* Your objective: Give all the lines below again, exactly, with no pictures.

----- Dataset section -----

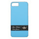 iPhone 7 case shown in blue with a black accent strip with a Miss America pageant style crown and custom name and title. Customise this item and change the text to what you need.
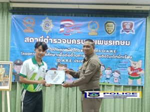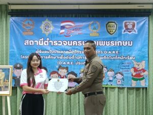ทำพิธีมอบใบประกาศนียบัตรให้กับนักเรียน D.A.R.E. ที่จบหลักสูตร ตามโครงการการศึกษาเพื่อต่อต้านยาเสพติดในเด็กนักเรียน (D.A.R.E.ประเทศไทย) จำนวน 72 คน
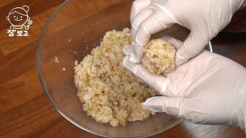 4. 밥은 한입 크기로 동그랗게 모양 잡는다
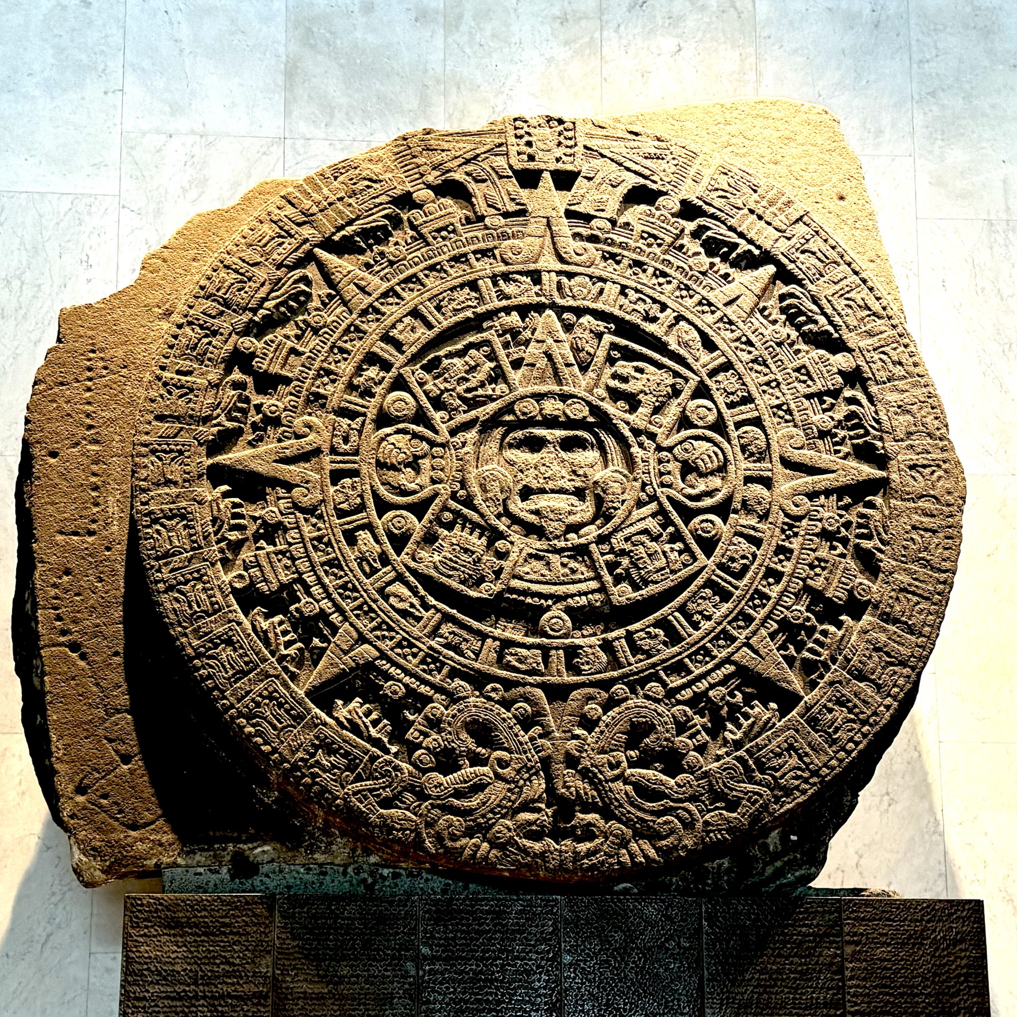 4. This huge stone below (which was spectacular to see, 12 feet in diameter and 25 tons) was slung under the town plaza to be used as foundations by the Spanish when they invaded. When it was discovered in the mid 1800’s they stuck it on the side of the main church – where drunk American soldiers celebrating their victory in the Mexican-American war used it as target practice 🙄 You can see the bullet holes in the sides and that’s why the face in the middle is all eroded.

-----

* Completed task:
 iPhone 7 case shown in blue with a black accent strip with a Miss America pageant style crown and custom name and title. Customise this item and change the text to what you need.
ทำพิธีมอบใบประกาศนียบัตรให้กับนักเรียน D.A.R.E. ที่จบหลักสูตร ตามโครงการการศึกษาเพื่อต่อต้านยาเสพติดในเด็กนักเรียน (D.A.R.E.ประเทศไทย) จำนวน 72 คน
 4. 밥은 한입 크기로 동그랗게 모양 잡는다
 4. This huge stone below (which was spectacular to see, 12 feet in diameter and 25 tons) was slung under the town plaza to be used as foundations by the Spanish when they invaded. When it was discovered in the mid 1800’s they stuck it on the side of the main church – where drunk American soldiers celebrating their victory in the Mexican-American war used it as target practice 🙄 You can see the bullet holes in the sides and that’s why the face in the middle is all eroded.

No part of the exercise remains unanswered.